Om tordenkiler, stenøkser og uddøde dyr
On thunderbolts, stone axes and extinct animals
Thunderbolts, in the form of fossilised sea urchins, belemnites and flint tools, have been seen as being created by thunderstorms and as possessing magical powers in many places around the world, far back in time. This paper demonstrates how these ideas were accommodated within the Christian ideology and how it was discovered that stone axes were actually man-made tools. This realisation did though present a number of problems to which the scholars of the time had to find solutions. When and why did people use stone tools when metal was already in use seven generations after Adam? The Age of Enlightenment had the idea that people at this time had, consequent on Babylonian linguistic confusion, perhaps degenerated to base bestial proclivities, before common sense subsequently prevailed bringing forth humanity once more. Perhaps metal was completely forgotten in this context.
But then a new problem arose in that, around 1800, it was realised that animals could become extinct and, consequently, that God’s Creation was not immutable. This extinction was, with due reference to the various layers in which the bones were found, explained as a succession of God-created epochs separated by a succession of cataclysmic events, with the creation of humanity about 6000 years ago as the most recent and most quintessential of the former. The discovery of what were now considered to be stone tools together with the bones of extinct animals therefore posed major analytical problems, especially for the Romantic Movement, which perceived everything as a single integrated organic entity. It was all or nothing. But maybe the Flood had not been global – were there perhaps survivors from earlier catastrophes, for example Asians and Africans?

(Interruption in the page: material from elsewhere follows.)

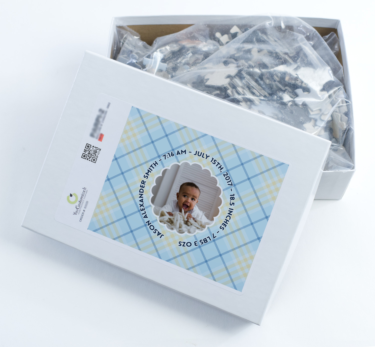 Depending on the look you are trying to achieve, you can add; a thematic pattern or background, with a photo in a frame and text or personalization to your puzzle. Basically if you can imagine it, you can design it!

This paper shows how stories about the origin of mankind relating to stone axes must continually be explained by interpreting these in the spirit of the time. This has resulted in what we today consider to be some rather imaginative, even humorous, explanations for the discovery of stone tools. In this respect, however, the stories of the Age of Enlightenment and the Romantic Movement are perhaps no different from those we produce today. Both then and now, these finds had to have an explanation, and when it comes to the origin and development of humankind, science must find solutions which combine the spirit of the time with what are perceived as finds and what are understood as realities in relation to these finds, in order to arrive at an explanation which is acceptable at the time. This was the case back then and my aim with this paper is to encourage reflection now on what we take for granted about the remains we find from the past and to which we, with state legitimised professional authority, allocate an explanation.